Support Your Local News Media

baseball diamond Support Your Local News MediaCongratulations to the Jewel City JWV Little League, who joined with local AYSO leaders to protest imposed hourly fees for sports organizations’ use of Glendale’s fields. The groups showed up well prepared and in force at yesterday’s Glendale City Council meeting to successfully overturn the decision for now.

Earlier this week I posted a lesson from the Pasadena Art Center College of Design flap over its $150 million expansion. The plan was tabled for further study after a student’s negative blog post gained overwhelming support via the internet.

Focusing on the post and the avalanche of comments it received, I believe I didn’t give enough credit to traditional news channels and organizations. Local newspapers, student organizations, and I’m sure email notifications to interested parties, all helped turn the tide on the hillside development.

The field use issue in Glendale has been brewing for awhile. I remember hearing about the hourly fee idea when I was on the Little League board a few years ago, but it never got off the ground then. When the Glendale Parks, Recreation and Community Services Division suddenly decided on July 2 to impose fees, league officials said they were unaware there was a specific proposal on the table.

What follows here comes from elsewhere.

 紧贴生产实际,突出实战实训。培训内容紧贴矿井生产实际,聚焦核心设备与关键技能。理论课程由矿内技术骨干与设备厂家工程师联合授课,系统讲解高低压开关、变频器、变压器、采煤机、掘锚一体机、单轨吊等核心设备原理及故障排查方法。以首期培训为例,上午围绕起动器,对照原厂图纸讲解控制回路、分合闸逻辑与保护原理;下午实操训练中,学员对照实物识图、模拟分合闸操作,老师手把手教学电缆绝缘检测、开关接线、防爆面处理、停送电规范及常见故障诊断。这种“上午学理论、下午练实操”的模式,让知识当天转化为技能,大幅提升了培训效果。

Organizing their base, they copied a Glendale News-Press URL into a mass email and gathered board members together to draft a letter. That evening, league representatives and concerned parents surprised city council members with a large protest. The council responded by sending the matter back to the commission for further review and public input, as reported in today’s News-Press edition.

Here are excerpts of the letter Jewel City JWV Little League board members sent to the council:

Youth sports like baseball make good citizens of players and parents alike, and they make Glendale a community…

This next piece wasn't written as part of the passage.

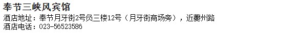 酒店地址:重慶 奉節 月牙街2號負三樓12號(月牙街商場旁),近夔州路

Jewel City JWV does not use the City’s baseball fields “for free” because it does not pay an hourly user fee. Unlike many other communities, Glendale does not provide a city-run youth baseball league. If it did, of course, it would not be run by volunteers, and would result in significant costs to the city. Jewel City JWV thus provides an important social and cultural benefit to Glendale at no charge to the City. In addition, our league performs in-season maintenance on the baseball fields at its own cost. If the proposed fees are imposed, Little League will no longer be financially viable in Glendale. The City will then have either no baseball program to offer its youth, or will have to create and operate its own youth baseball program at a steeply increased cost than is currently the case. This makes no financial sense.

It is telling, to say the least, that at the same time the City has granted tens of millions of dollars in land and benefits to the recently-opened Americana commercial development, it is proposing a tax on children to play baseball. Glendale is not a business district – it is a community. The Council should reverse the Parks Commission decision to implement these fees.

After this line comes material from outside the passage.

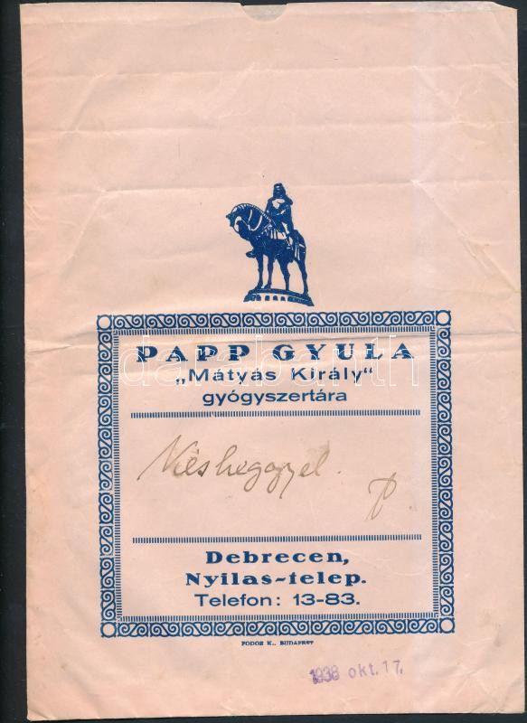 https://www.darabanth.com/en/251-Online-auction/251.0/Other-collectibles/Advertisement~600032/1938-Papp-Gyula-Matyas-Kiraly-gyogyszertara-Debrecen-papirtasak-20x14cm~II1213475

I’d like to humbly amend my assertion earlier this week that one blog post can succeed where other methods cannot. Credit for success in the Art Center controversy and in Glendale’s sports field issue should go to individuals and organizations on the scene, detailed news media coverage, and successful email appeals for support.

The lesson for homeowners: join your neighborhood organization and help them develop an email notification list, keep up with local issues by supporting local news media, and keep checking relevant blogs!